▶ **Task to complete**: Set down each line of the data exactly, but not the pictures.

▶ **Data excerpt**:

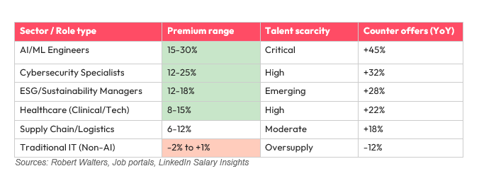 Wage pressure is acute in innovation-intensive sectors. AI/ML engineers command 15-30% premiums over baseline roles, with counter-offer activity up 45% year-over-year. Singapore’s tech sector reports 8-10% bilingual premiums for Japanese/Mandarin speakers. ESG and green energy roles see 12-18% premiums in Mainland China and Australia as decarbonisation mandates accelerate hiring.
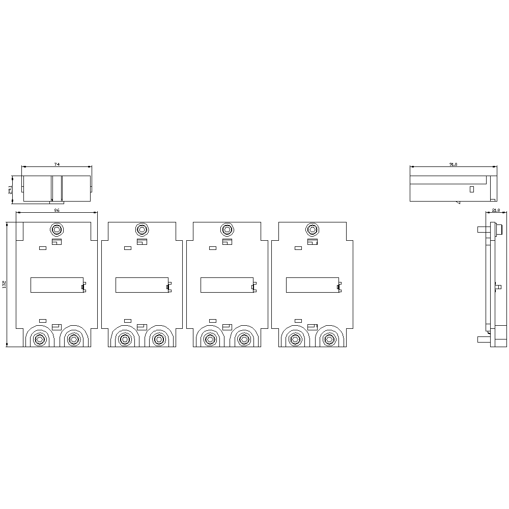 Retrofit kit voltage tap below, breaking capacity N, S, M, H, C, size 1, 4-pole
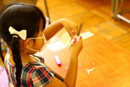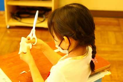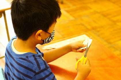 子供たちでアサガオの折り紙を作ります。
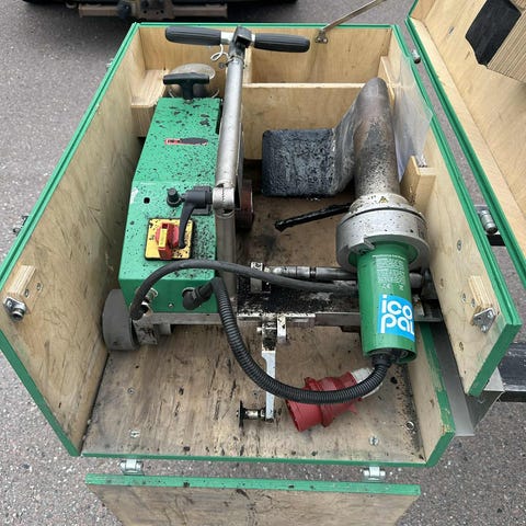 Herz Roofon Multi Bitumen Analog komplett pakkeløsning for bitumenbasert takbelegg. Inkluderer 2 ekstra vektlodd på 2,1 kg, robust transportkasse i metall og messingbørste for vedlikehold. Kompakt og allsidig enhet for sveising av bitumen/sbs/app på overflater, takstiger, takskjegg og kantområder. Manuell justering av temperatur og driftshastighet med anbefalt driftshastighet 1,8–2,1 m/min. Trinnløst regulerbart luftvolum og sammenleggbart ledet styrestang med justerbar lengde. Effekt på 3400W, egnet for både raske og tregere 16A sikringer, for arealer fra 20 og opp mot 1200 kvm. Temperaturområde 0–620 °C, frekvens 230/60 Hz.

▶ **Response below**:
 Wage pressure is acute in innovation-intensive sectors. AI/ML engineers command 15-30% premiums over baseline roles, with counter-offer activity up 45% year-over-year. Singapore’s tech sector reports 8-10% bilingual premiums for Japanese/Mandarin speakers. ESG and green energy roles see 12-18% premiums in Mainland China and Australia as decarbonisation mandates accelerate hiring.
 Retrofit kit voltage tap below, breaking capacity N, S, M, H, C, size 1, 4-pole
 子供たちでアサガオの折り紙を作ります。
 Herz Roofon Multi Bitumen Analog komplett pakkeløsning for bitumenbasert takbelegg. Inkluderer 2 ekstra vektlodd på 2,1 kg, robust transportkasse i metall og messingbørste for vedlikehold. Kompakt og allsidig enhet for sveising av bitumen/sbs/app på overflater, takstiger, takskjegg og kantområder. Manuell justering av temperatur og driftshastighet med anbefalt driftshastighet 1,8–2,1 m/min. Trinnløst regulerbart luftvolum og sammenleggbart ledet styrestang med justerbar lengde. Effekt på 3400W, egnet for både raske og tregere 16A sikringer, for arealer fra 20 og opp mot 1200 kvm. Temperaturområde 0–620 °C, frekvens 230/60 Hz.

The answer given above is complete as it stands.